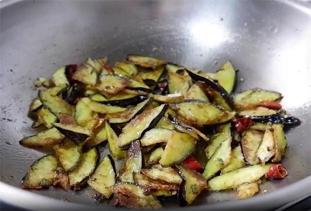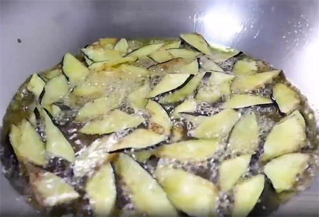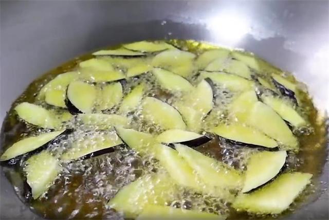 3.接着把茄子炸一下,七成油温下油锅,中火慢慢炸,等茄子开始沙沙响的时候捞出。
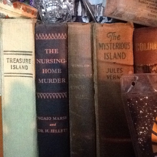 When she did pass they came into my possession, and they were marked by an amazing diversity. Classics such as Mysterious Island by Jules Verne, Treasure Island by Robert Louis Stevenson, Riders of the Purple Sage, a collection of Ellery Queen short stories, mixed in with forgettable titles such as The Nursing Home Murder and Crimson Ice, also along with several John Carter novels by Edgar Rice Burroughs. My father said my great grandmother went through a period in which she collected these book club editions indiscriminately, for no other reason than she wanted a collection a books. The romantic in me, of course, likes to think she was collecting them for her yet to be born great-grandson who would entertain fantasies of being a writer someday.
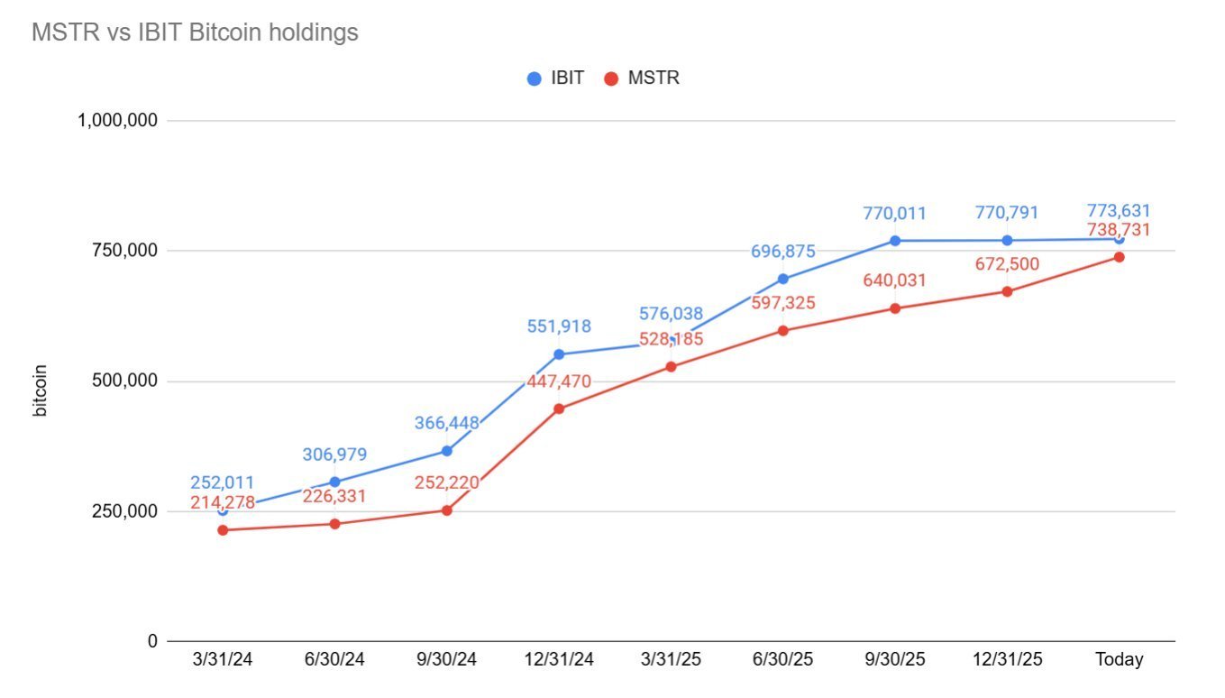 Αυτό που κάνει την κατάσταση ακόμη πιο εντυπωσιακή είναι ότι το IBIT αποτελεί ETF που συγκεντρώνει κεφάλαια από χιλιάδες θεσμικούς και ιδιώτες επενδυτές, ενώ η Strategy είναι μια μεμονωμένη εισηγμένη εταιρεία που συσσωρεύει Bitcoin μέσω εταιρικού ισολογισμού.

Requirement
Print the data above exactly, from its first line to the line bearing "When she did" inclusive, and keep pictures out of the result.

Task response
 3.接着把茄子炸一下,七成油温下油锅,中火慢慢炸,等茄子开始沙沙响的时候捞出。
 When she did pass they came into my possession, and they were marked by an amazing diversity. Classics such as Mysterious Island by Jules Verne, Treasure Island by Robert Louis Stevenson, Riders of the Purple Sage, a collection of Ellery Queen short stories, mixed in with forgettable titles such as The Nursing Home Murder and Crimson Ice, also along with several John Carter novels by Edgar Rice Burroughs. My father said my great grandmother went through a period in which she collected these book club editions indiscriminately, for no other reason than she wanted a collection a books. The romantic in me, of course, likes to think she was collecting them for her yet to be born great-grandson who would entertain fantasies of being a writer someday.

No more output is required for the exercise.